- What to produce
Here are records with pictures in them. Copy all of them exactly and leave the pictures out.

★ ★ ★ ★ ★

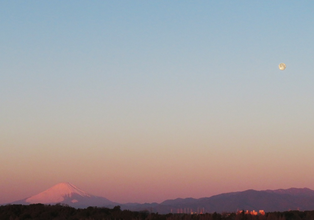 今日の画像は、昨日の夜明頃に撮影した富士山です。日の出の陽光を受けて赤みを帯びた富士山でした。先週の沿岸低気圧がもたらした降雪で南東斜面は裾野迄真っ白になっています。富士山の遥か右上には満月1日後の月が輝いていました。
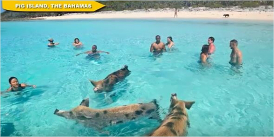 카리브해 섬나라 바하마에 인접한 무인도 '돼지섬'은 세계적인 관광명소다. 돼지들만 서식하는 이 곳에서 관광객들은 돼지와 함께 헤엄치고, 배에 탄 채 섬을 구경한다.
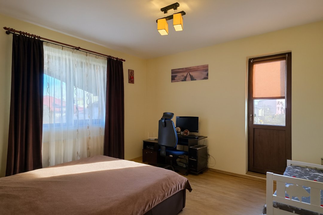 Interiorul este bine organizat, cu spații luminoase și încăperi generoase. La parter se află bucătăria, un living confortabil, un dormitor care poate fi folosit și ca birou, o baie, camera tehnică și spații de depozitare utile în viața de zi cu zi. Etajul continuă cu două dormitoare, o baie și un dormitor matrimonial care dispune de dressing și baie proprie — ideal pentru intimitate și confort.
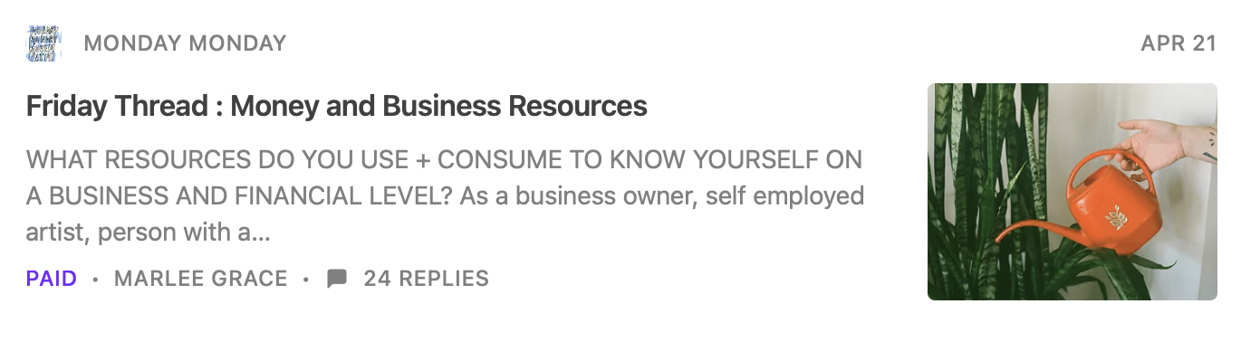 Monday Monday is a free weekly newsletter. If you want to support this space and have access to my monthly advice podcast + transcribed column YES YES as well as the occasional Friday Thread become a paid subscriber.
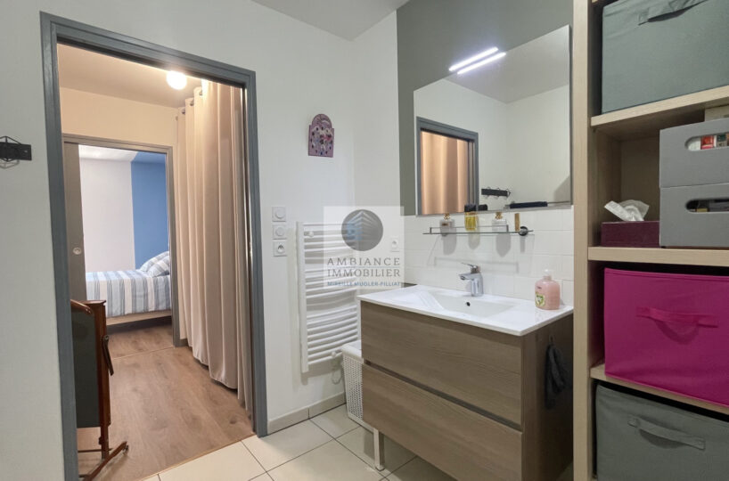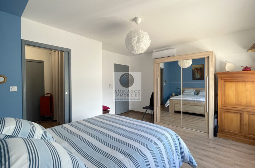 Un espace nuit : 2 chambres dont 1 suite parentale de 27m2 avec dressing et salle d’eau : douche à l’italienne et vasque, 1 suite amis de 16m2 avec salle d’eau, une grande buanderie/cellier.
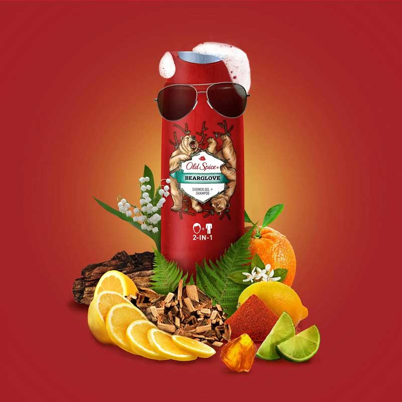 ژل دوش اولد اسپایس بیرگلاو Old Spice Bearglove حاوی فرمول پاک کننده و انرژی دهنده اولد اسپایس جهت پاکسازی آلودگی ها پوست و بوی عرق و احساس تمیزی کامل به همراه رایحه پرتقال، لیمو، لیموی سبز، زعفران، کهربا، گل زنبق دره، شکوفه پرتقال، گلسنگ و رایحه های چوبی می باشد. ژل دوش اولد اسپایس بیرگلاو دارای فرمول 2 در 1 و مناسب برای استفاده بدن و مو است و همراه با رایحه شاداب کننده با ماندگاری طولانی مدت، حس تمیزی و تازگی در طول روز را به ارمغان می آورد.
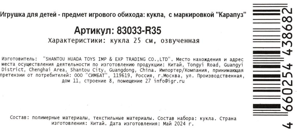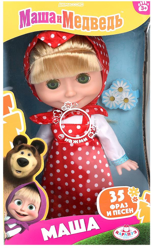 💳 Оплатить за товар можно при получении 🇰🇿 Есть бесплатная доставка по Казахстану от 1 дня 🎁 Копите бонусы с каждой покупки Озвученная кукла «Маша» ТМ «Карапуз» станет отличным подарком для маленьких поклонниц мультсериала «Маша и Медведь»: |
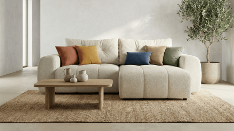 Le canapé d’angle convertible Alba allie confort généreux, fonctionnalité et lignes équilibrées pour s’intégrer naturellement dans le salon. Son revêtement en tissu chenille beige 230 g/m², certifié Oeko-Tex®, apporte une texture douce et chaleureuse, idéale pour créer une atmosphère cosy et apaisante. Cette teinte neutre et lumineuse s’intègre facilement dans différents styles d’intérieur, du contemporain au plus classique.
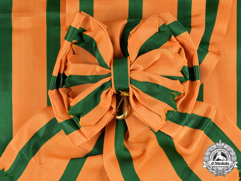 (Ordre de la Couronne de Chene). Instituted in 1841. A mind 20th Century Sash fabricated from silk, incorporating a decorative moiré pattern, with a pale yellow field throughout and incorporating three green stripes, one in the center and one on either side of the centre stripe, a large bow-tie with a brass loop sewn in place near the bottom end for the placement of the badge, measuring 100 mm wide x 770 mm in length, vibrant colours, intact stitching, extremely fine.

★ ★ ★ ★ ★

- Worked solution
 今日の画像は、昨日の夜明頃に撮影した富士山です。日の出の陽光を受けて赤みを帯びた富士山でした。先週の沿岸低気圧がもたらした降雪で南東斜面は裾野迄真っ白になっています。富士山の遥か右上には満月1日後の月が輝いていました。
 카리브해 섬나라 바하마에 인접한 무인도 '돼지섬'은 세계적인 관광명소다. 돼지들만 서식하는 이 곳에서 관광객들은 돼지와 함께 헤엄치고, 배에 탄 채 섬을 구경한다.
 Interiorul este bine organizat, cu spații luminoase și încăperi generoase. La parter se află bucătăria, un living confortabil, un dormitor care poate fi folosit și ca birou, o baie, camera tehnică și spații de depozitare utile în viața de zi cu zi. Etajul continuă cu două dormitoare, o baie și un dormitor matrimonial care dispune de dressing și baie proprie — ideal pentru intimitate și confort.
 Monday Monday is a free weekly newsletter. If you want to support this space and have access to my monthly advice podcast + transcribed column YES YES as well as the occasional Friday Thread become a paid subscriber.
 Un espace nuit : 2 chambres dont 1 suite parentale de 27m2 avec dressing et salle d’eau : douche à l’italienne et vasque, 1 suite amis de 16m2 avec salle d’eau, une grande buanderie/cellier.
 ژل دوش اولد اسپایس بیرگلاو Old Spice Bearglove حاوی فرمول پاک کننده و انرژی دهنده اولد اسپایس جهت پاکسازی آلودگی ها پوست و بوی عرق و احساس تمیزی کامل به همراه رایحه پرتقال، لیمو، لیموی سبز، زعفران، کهربا، گل زنبق دره، شکوفه پرتقال، گلسنگ و رایحه های چوبی می باشد. ژل دوش اولد اسپایس بیرگلاو دارای فرمول 2 در 1 و مناسب برای استفاده بدن و مو است و همراه با رایحه شاداب کننده با ماندگاری طولانی مدت، حس تمیزی و تازگی در طول روز را به ارمغان می آورد.
 💳 Оплатить за товар можно при получении 🇰🇿 Есть бесплатная доставка по Казахстану от 1 дня 🎁 Копите бонусы с каждой покупки Озвученная кукла «Маша» ТМ «Карапуз» станет отличным подарком для маленьких поклонниц мультсериала «Маша и Медведь»: |
 Le canapé d’angle convertible Alba allie confort généreux, fonctionnalité et lignes équilibrées pour s’intégrer naturellement dans le salon. Son revêtement en tissu chenille beige 230 g/m², certifié Oeko-Tex®, apporte une texture douce et chaleureuse, idéale pour créer une atmosphère cosy et apaisante. Cette teinte neutre et lumineuse s’intègre facilement dans différents styles d’intérieur, du contemporain au plus classique.
 (Ordre de la Couronne de Chene). Instituted in 1841. A mind 20th Century Sash fabricated from silk, incorporating a decorative moiré pattern, with a pale yellow field throughout and incorporating three green stripes, one in the center and one on either side of the centre stripe, a large bow-tie with a brass loop sewn in place near the bottom end for the placement of the badge, measuring 100 mm wide x 770 mm in length, vibrant colours, intact stitching, extremely fine.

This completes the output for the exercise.